The decision of the Tribunal was that there was a Transfer of an Undertaking from the First Respondents, Pall Mall Support Services Ltd, to the Second and Third Respondents, that is these Appellants and Finchams Insulations Ltd which effected the contract of employment of the Applicants before the Tribunal.
We have considered the decision of the Employment Tribunal and the arguments of Mr Hayes, Counsel on behalf of the Appellants. The appeal relates to the termination by the Second Respondents of a contract with the first Respondents for the latter to carry out cleaning services to the Second Respondents' Factory and Office Premises.
It is a case in which the labour force represented a very large, if not the exclusive element, of the work done in the premises, and of an identifiable contract between the First and Second Respondents. It is an area which has concerned the Tribunals and the Employment Appeal Tribunals in the past, and to a large extent it requires examination of issues of fact, findings upon issues of fact and judgments upon them, which are exclusively the province of a Tribunal. However, having found those facts in the context of this case, it seems to us the interpretation of them, in order to ascertain whether there was a transfer within the Transfer of Undertakings (Protection of Employment) Regulations 1981 is a mixed question of fact and law. There is a core activity of the First Respondents, namely the provision of cleaning services in accordance with contracts around the country. Were the Tribunal correct, on the facts of this case, in concluding that the termination of one such contract and the taking on by the Second Respondents of a large part of the labour force, constituted a transfer within the Transfer of Undertakings Regulations.
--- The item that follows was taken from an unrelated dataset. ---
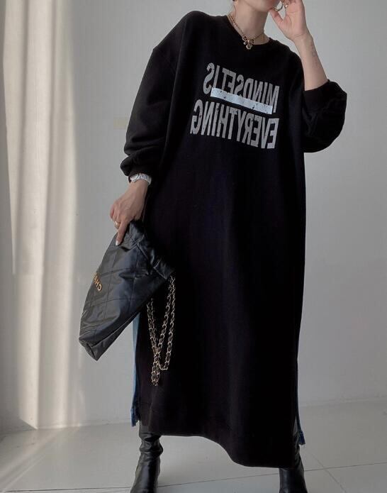 レディース トップス ワンピース ドレス ロング丈 クルーネック ドッキング チュニック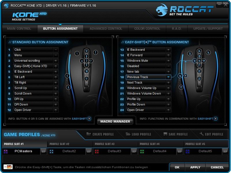 Der Treiber lässt sich simpel auf der Roccat Homepage (unter dem Reiter "Support") finden und installieren. Ist das erledigt, erhält man eine Oberfläche im Roccat-Stil, die in sechs Tabs gegliedert ist. Den Anfang machen die allgemeinen Einstellungen zu dem Mausrad und der Mausgeschwindigkeit. Neben den vertikalen und horizontalen Scroll-Geschwindigkeiten, lassen sich auch Änderungen an den DPI-Größen vornehmen und die Sensitivität des Mauszeigers einstellen. Danach folgt die Tastenbelegung der Roccat Kone XTD. In diesem Menüpunkt lassen sich neben den normalen Tastenbelegungen auch die Easy-Shift [+] Einstellungen vornehmen. Was an dieser Stelle angemerkt werden muss ist, dass Roccat eine Menge an Voreinstellungen für die Makros zur Auswahl gibt. Falls einem das nicht genügen sollte, kann man noch auf den Makro Manager zurückgreifen um eigene Makros zu erstellen. Der dritte Tab befasst sich mit erweiterten Einstellungen. So kann man hier nochmals die Sensitivität des Sensors, Getrennt für X- und Y-Achse vornehmen, oder die TDCU (Tracking and Distance Contol Unit) einstellen aber auch Sound aktivieren oder deaktivieren, denn die XTD gibt einem die Möglichkeit Änderungen der Einstellungen, mittels Knopfdruck an der Maus, akustisch bestätigen zu lassen.

Accordingly, with some hesitation, it seems to us that this matter does merit full argument before the Employment Appeal Tribunal and we direct that it be so listed. This will be listed in Category B for one day. Any amendment to the Appellants' skeleton argument and skeleton argument from any other party wishing to be heard on the appeal must be filed not less than 14 days before the hearing of the appeal, together with lists of authorities to be relied on. In their argument, the parties will rely upon the findings of fact contained in the decision of the Tribunal and their reasons appended thereto and no notes of evidence are required.